Осенью 1929 года я спрашивал ночью у ныне снесенной Китайгородской стены В. В. Маяковского (я провожал его домой из редакции «Комсомольской правды»), не является ли доказательством моего внутреннего надлома и органической нецельности мировоззрения то, что я одновременно люблю его стихи и стихи Блока. Он ответил мне, что и сам любит Блока, и даже прочитал наизусть «Шаги командора». Мне это тогда не показалось убедительным, потому что я усердно читал теоретические статейки в журнале «Новый Леф», и даже самого Маяковского я заподозрил в пороке, которого стыдился в себе. Поэтому я понимаю улыбку Хикмета при воспоминании о юношеских стихах. Так же улыбаюсь и я, припоминая свой юношеский разговор с Маяковским. Он тогда тоже улыбнулся — неожиданно, коротко и почти хмуро. Я разговаривал с Анной Андреевной Ахматовой.
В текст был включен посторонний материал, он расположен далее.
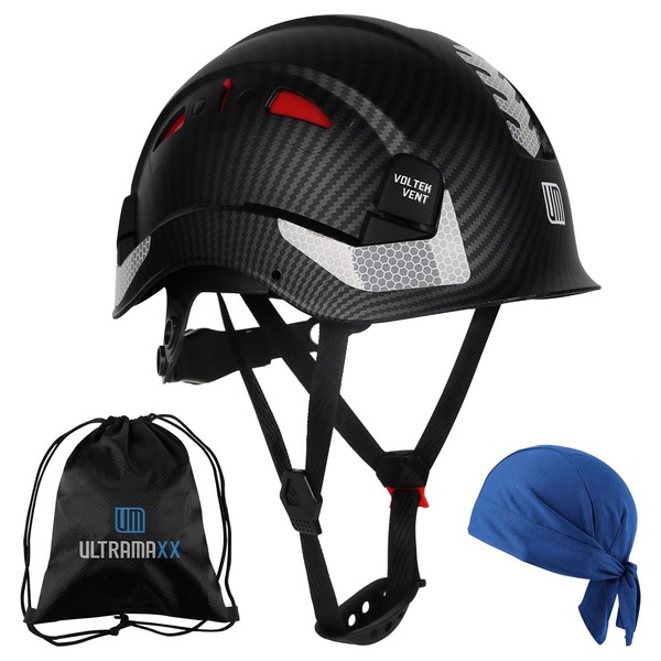 UM ULTRAMAXX Safety Helmet Hard Hat, ANSI Z89.1 Approved Lightweight Vented Work Helmet, 6-Point Adjustable Ratchet Suspension Hardhat for Industrial and Construction (Black Carbon Fiber)
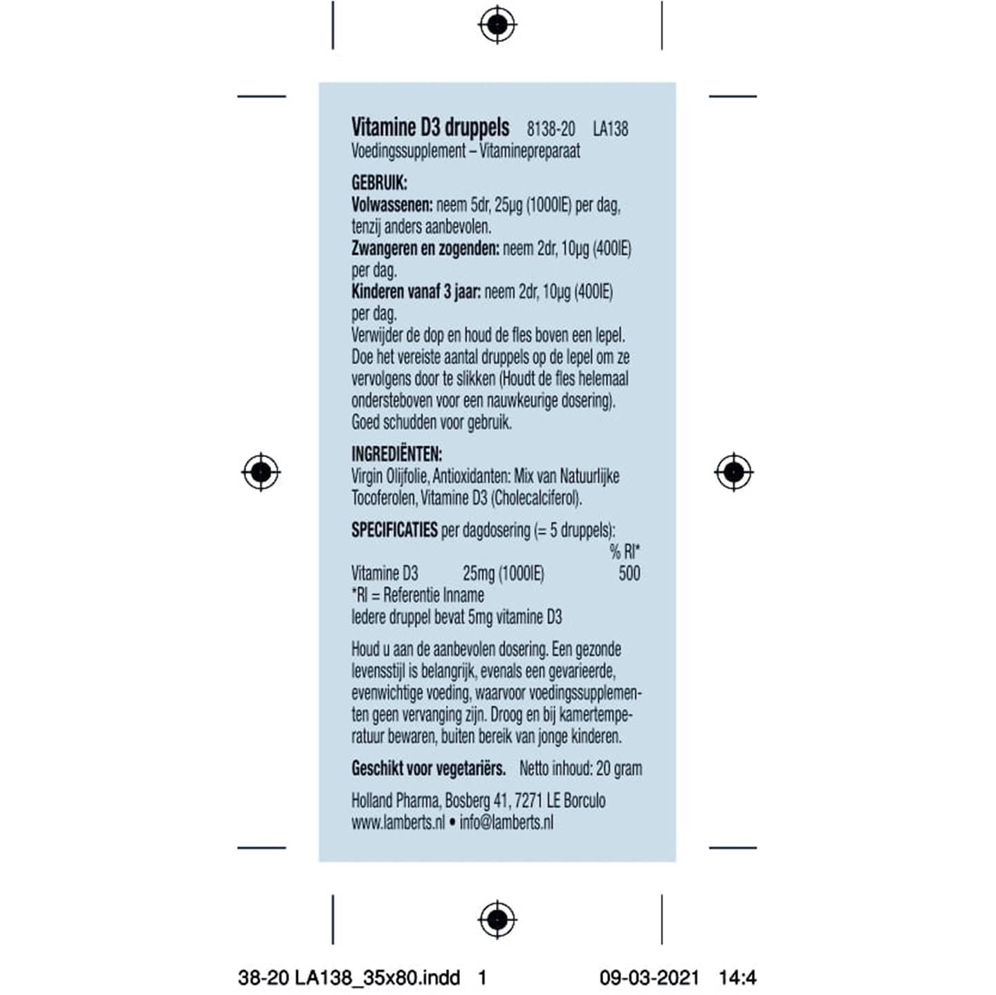 Volwassenen: neem 5 druppels, 25 mcg (1000 IE) per dag, tenzij anders geadviseerd.
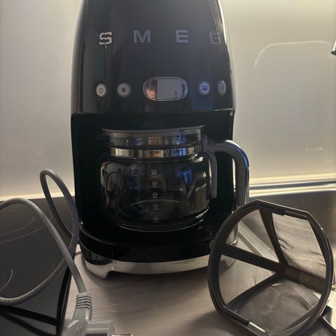 Autoomaattinen tippalukko, ajastus ja eri ohjelmia esim. vahvempi aromi. Myös kestosuodatin löytyy jota on käytetty pari kertaa, toimii myös tavallisella suodatinpaperilla mainiosti. Käyttöohje, smegin kahvimitta sekä kestosuodatin mukaan. Alkuperäistä laatikkoa ei ole.
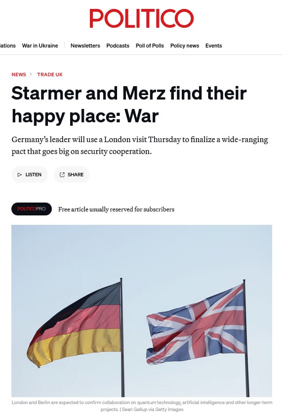 "Стармер и Мерц нашли себе новое место для счастья — войну"
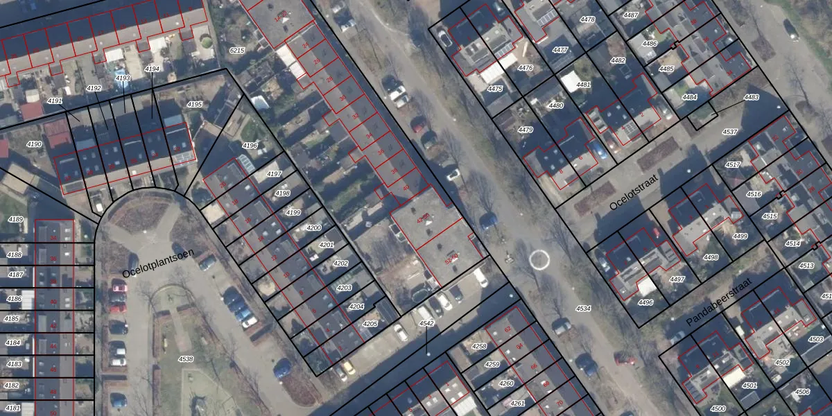 Het perceel waarop Pandabeerstraat 44 staat heeft een oppervlakte van 4589 m². Dit is een zeer groot perceel. De perceeloppervlakte wordt geregistreerd door het Kadaster. Gedetailleerde informatie over de maten van dit perceel kunt u vinden in het rapport Kadastrale kaart met maatvoering van Pandabeerstraat 44.
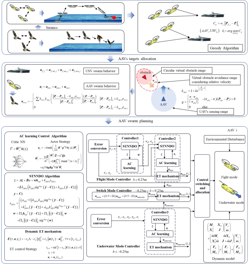 针对这一问题,中山大学张锦绣教授团队以“Osprey-fish gaming inspired planning and intelligent control of dual-rotor AAV swarm for cooperative hunting USV swarm”为题,在航空航天领域顶刊《Aerospace Science and Technology》(中科院一区,top, IF = 5.8)上发表论文。2024级博士生王立栋为第一作者,中山大学张锦绣教授、日本东北大学林名培助理教授为共同通讯作者。该论文中双旋翼跨介质无人机(潜鸟1号)曾获全国海洋航行器设计与制作大赛一等奖。此外,该研究得到了国家自然科学基金、广东省重点领域研发计划“海洋科技”重大专项旗舰项目、广东省特支项目以及南方海洋科学与工程广东省实验室(珠海)的资助。

Она рассказала, что осенью 1961 года к ней в больничную палату ворвались два взволнованных студента с требованием немедленно ответить, как нужно писать стихи — как она сама или как М. Цветаева. Один был «цветаевец», другой «ахматовец». Подобно мне в 1929 году, ответом ее были разочарованы оба: Ахматова сказала им, что очень любит Марину Цветаеву, но предпочитает писать по-своему. Рассказывая об этом, она тоже улыбнулась. Теперь Блок и Маяковский стоят у нас на одной книжной полке. Мы не стали всеядными эклектиками, но время и история все настоящее и живое всегда сближают, а не отделяют. Сблизился во времени и Мейерхольд с современной ему театральной Москвой. Только закостенелым педантам и догматическим фракционерам в искусстве может сейчас прийти в голову утверждать несовместимость режиссерской эстетики Мейерхольда и актерской системы Станиславского да еще, пожалуй, тем, кто и в истории искусства действует по старому макиавеллиевскому принципу: разделяй и властвуй.
https://ntdtv.ru/113663-massovaya-rassylka-sms-obyavlenij-dlya-biznesa
Страницы: 1 2 3 4 5 6 7 8 9 10 11 12 13 14 15 16 17 18 19 20 21 22 23 24 25 26 27 28 29 30 31 32 33 34 35 36 37 38 39 40 41 42 43 44 45 46 47 48 49 50 51 52 53 54 55 56 57 58 59 60 61 62 63 64 65 66 67 68 69 70 71 72 73 74 75 76 77 78 79 80 81 82 83 84 85 86 87 88 89 90 91 92 93 94 95 96 97 98 99 100 101 102 103 104 105 106 107 108 109 110 111 112 113 114 115 116 117 118 119 120 121 122 123 124 125 126 127 128 129 130 131 132 133 134 135 136 137 138 139 140 141 142 143 144 145 146 147 148 149 150 151Опубликовано в рубрике Основное 21.10.2010: .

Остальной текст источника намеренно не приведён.